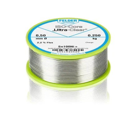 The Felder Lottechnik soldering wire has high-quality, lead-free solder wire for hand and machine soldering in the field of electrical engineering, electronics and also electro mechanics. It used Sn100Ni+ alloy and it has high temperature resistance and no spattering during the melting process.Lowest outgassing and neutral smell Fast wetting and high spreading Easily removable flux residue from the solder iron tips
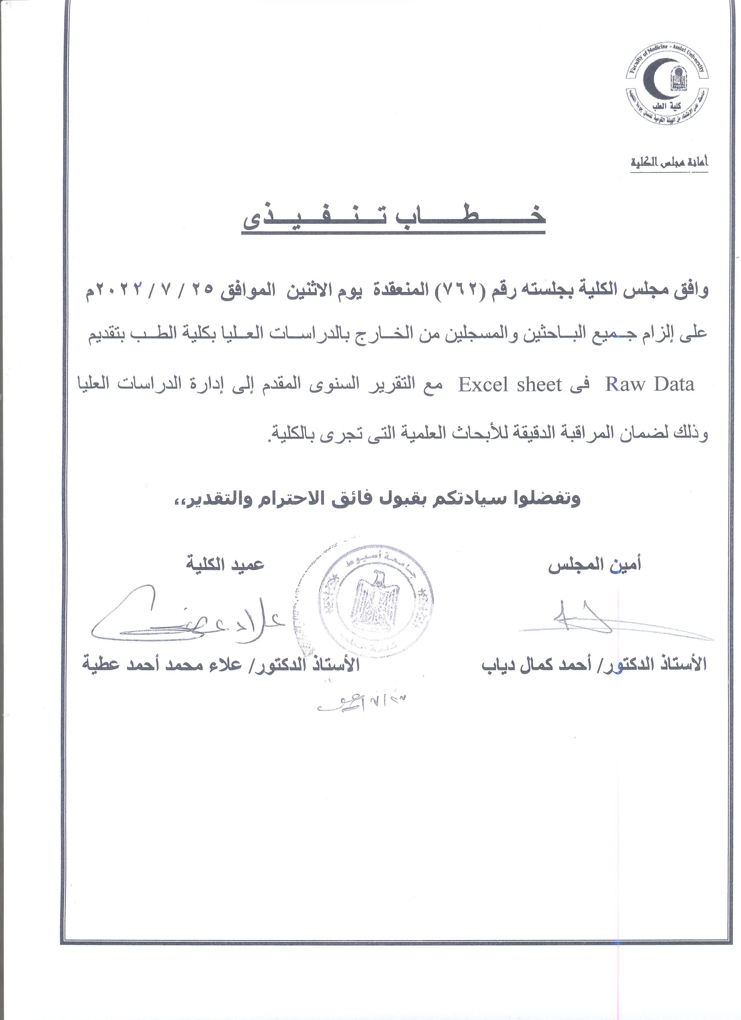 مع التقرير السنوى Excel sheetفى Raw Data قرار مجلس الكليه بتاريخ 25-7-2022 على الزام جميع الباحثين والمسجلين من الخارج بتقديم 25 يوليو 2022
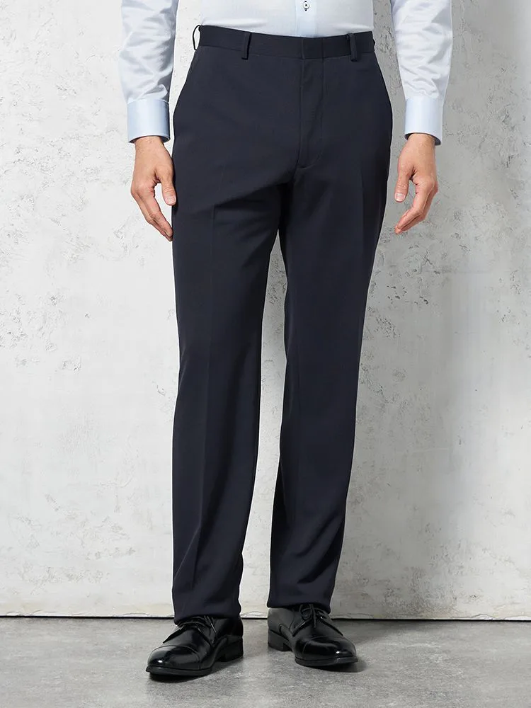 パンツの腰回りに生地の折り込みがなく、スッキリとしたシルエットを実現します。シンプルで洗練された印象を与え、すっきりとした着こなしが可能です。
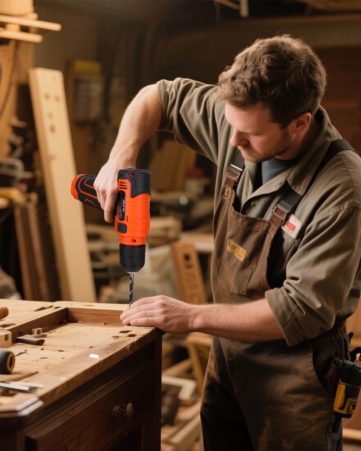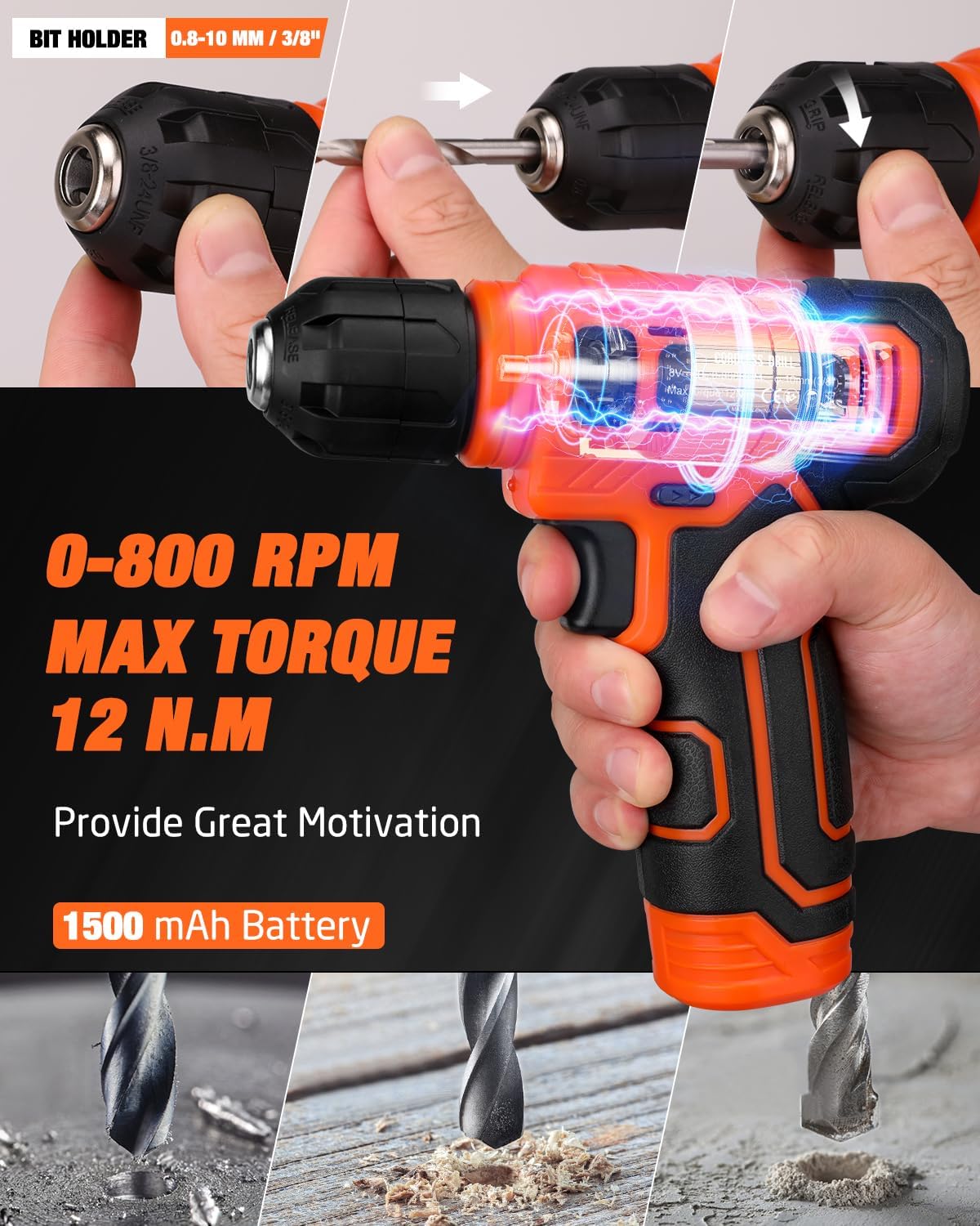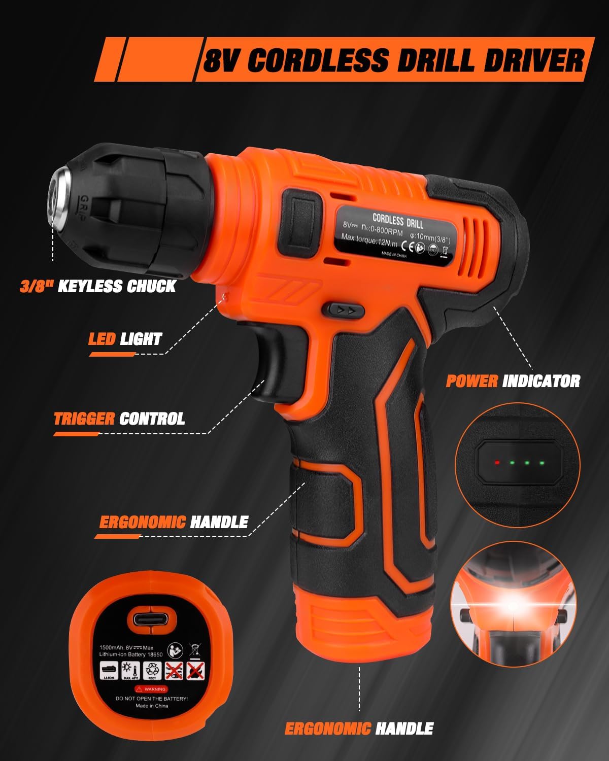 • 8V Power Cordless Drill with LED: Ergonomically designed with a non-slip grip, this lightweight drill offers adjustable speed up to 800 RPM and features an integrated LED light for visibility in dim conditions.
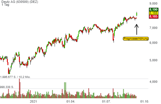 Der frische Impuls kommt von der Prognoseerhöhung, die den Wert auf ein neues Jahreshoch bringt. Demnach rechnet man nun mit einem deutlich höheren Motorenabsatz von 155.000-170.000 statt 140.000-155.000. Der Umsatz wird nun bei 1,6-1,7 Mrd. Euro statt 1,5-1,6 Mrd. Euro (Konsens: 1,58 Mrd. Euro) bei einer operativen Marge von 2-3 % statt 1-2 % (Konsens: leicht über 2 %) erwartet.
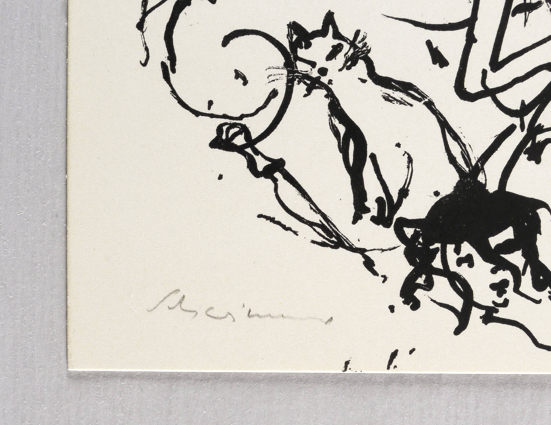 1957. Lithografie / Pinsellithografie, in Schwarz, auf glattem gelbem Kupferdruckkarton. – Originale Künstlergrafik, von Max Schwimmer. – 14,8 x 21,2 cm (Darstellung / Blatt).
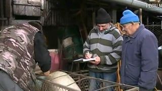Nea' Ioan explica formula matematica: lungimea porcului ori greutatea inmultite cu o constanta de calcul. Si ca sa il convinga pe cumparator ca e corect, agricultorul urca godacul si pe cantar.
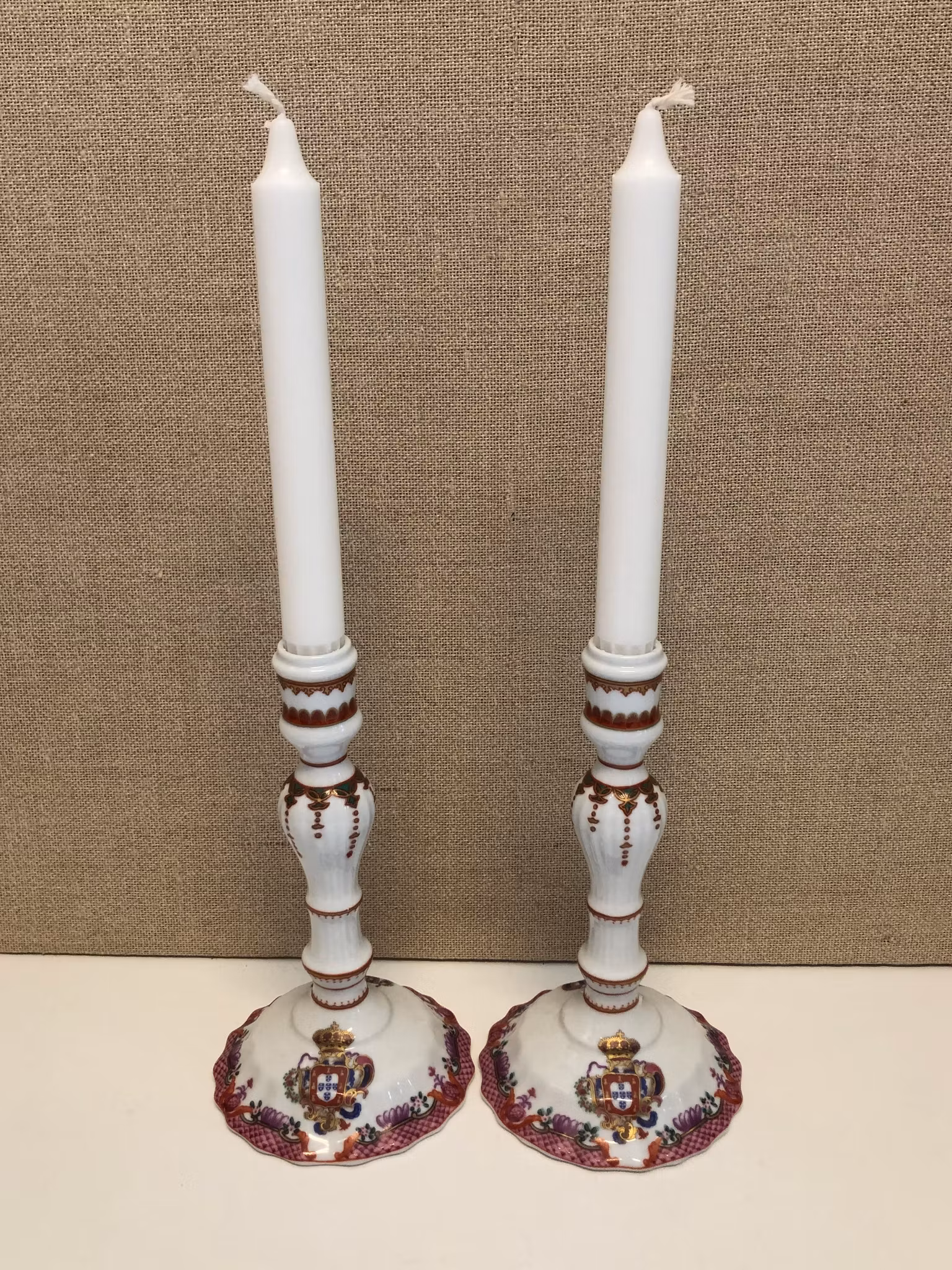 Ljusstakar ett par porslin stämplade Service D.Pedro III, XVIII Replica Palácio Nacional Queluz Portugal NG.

=-=-=-=-=

Although the records hold pictures, the copy must not; give again exactly the lines from the one with "مع التقرير السنوى" through the one with "in dim conditions.".

- _Task response_:
 مع التقرير السنوى Excel sheetفى Raw Data قرار مجلس الكليه بتاريخ 25-7-2022 على الزام جميع الباحثين والمسجلين من الخارج بتقديم 25 يوليو 2022
 パンツの腰回りに生地の折り込みがなく、スッキリとしたシルエットを実現します。シンプルで洗練された印象を与え、すっきりとした着こなしが可能です。
 • 8V Power Cordless Drill with LED: Ergonomically designed with a non-slip grip, this lightweight drill offers adjustable speed up to 800 RPM and features an integrated LED light for visibility in dim conditions.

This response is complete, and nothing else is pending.